§ Instructions for the task
Give again, unaltered, the lines of the listing below that run from the line having "打った井口は2塁へ! ![]() 5" through the line having "Вашу фотографію буде".

§ Dataset
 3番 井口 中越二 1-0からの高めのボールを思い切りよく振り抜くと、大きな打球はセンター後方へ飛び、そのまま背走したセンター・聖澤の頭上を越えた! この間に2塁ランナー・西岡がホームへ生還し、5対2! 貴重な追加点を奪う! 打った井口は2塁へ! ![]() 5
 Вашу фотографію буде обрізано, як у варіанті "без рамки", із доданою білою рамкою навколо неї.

---

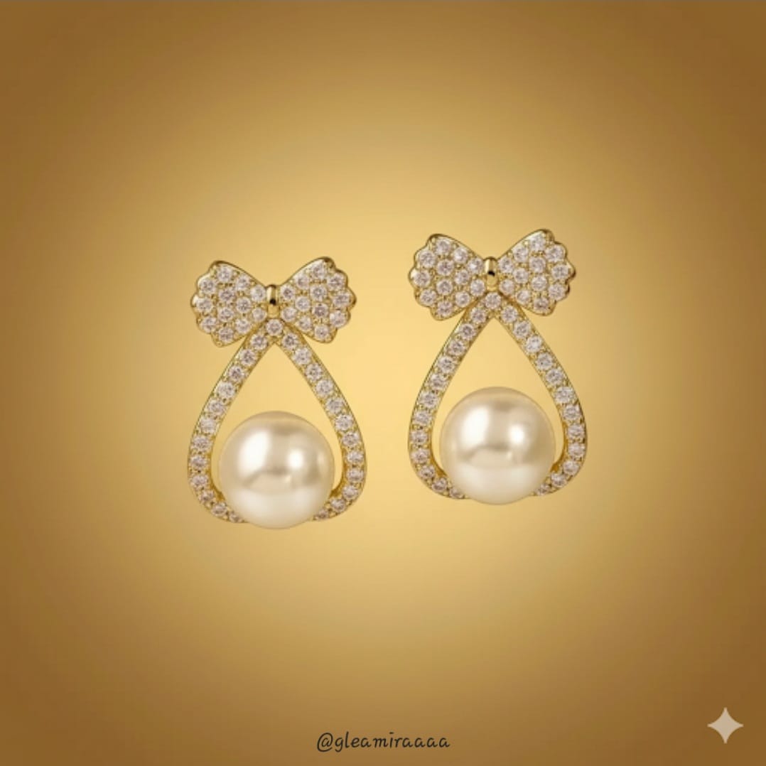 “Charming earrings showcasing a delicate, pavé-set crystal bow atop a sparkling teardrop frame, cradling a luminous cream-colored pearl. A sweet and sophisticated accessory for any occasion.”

* * *

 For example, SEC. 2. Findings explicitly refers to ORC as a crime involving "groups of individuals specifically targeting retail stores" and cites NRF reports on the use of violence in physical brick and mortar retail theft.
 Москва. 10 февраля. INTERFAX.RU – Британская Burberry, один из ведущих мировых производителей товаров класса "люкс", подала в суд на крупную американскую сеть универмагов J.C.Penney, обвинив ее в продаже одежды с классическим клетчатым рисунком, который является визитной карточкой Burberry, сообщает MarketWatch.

§ Result below
 3番 井口 中越二 1-0からの高めのボールを思い切りよく振り抜くと、大きな打球はセンター後方へ飛び、そのまま背走したセンター・聖澤の頭上を越えた! この間に2塁ランナー・西岡がホームへ生還し、5対2! 貴重な追加点を奪う! 打った井口は2塁へ! ![]() 5
 Вашу фотографію буде обрізано, як у варіанті "без рамки", із доданою білою рамкою навколо неї.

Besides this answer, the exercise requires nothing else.